Flow in partially full conduits

In fluid mechanics, flows in closed conduits are usually encountered in places such as drains and sewers where the liquid flows continuously in the closed channel and the channel is filled only upto a certain depth.Typical examples of such flows are flow in circular and Δ shaped channels.Closed conduits flow differ from open channel flow only in the fact that in closed channel flow there is a closing top width while open channels have one side exposed to its immediate surroundings.Closed channel flows are generally governed by the principles of channel flow as the liquid flowing possesses free surface inside the conduit. However, the convergence of the boundary to the top imparts some special characteristics to the flow like closed channel flows have a finite depth at which maximum discharge occurs. For computational purposes,flow is taken as uniform flow .Manning's Equation,Continuity Equation (Q=AV) and channel's cross-section geometrical relations are used for the mathematical calculation of such closed channel flows.

Consider a closed circular conduit of diameter D, partly full with liquid flowing inside it. Let 2θ be the angle subtended by the free surface at the centre of the conduit as shown in figure (a).

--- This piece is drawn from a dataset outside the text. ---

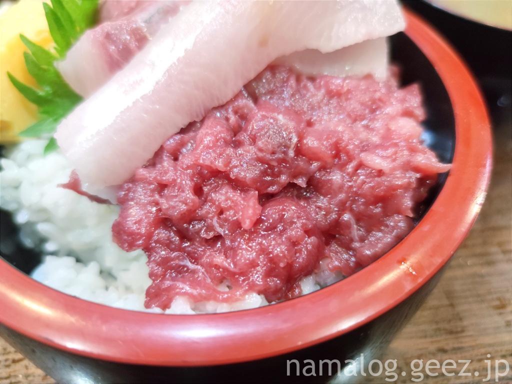 まぐろ以外も食べたかったので、活〆勘八大トロ・中おち丼(1,400円)にしました。待っている間に注文をしていたので、席につくとすぐに出てきました。丼の他にお味噌汁がつきます。

The area of the cross-section (A) of the liquid flowing through the conduit is calculated as :

${\displaystyle {\begin{aligned}A=&{{D^{2}\theta } \over {4}}-2{\biggl (}\left({\frac {1}{2}}\right){\frac {D}{2}}sin\theta {\frac {D}{2}}cos\theta {\Biggr )}\\&={\frac {D^{2}}{4}}{\biggl (}\theta -{\frac {1}{2}}sin2\theta {\biggr )}\\\end{aligned}}}$ (Equation 1)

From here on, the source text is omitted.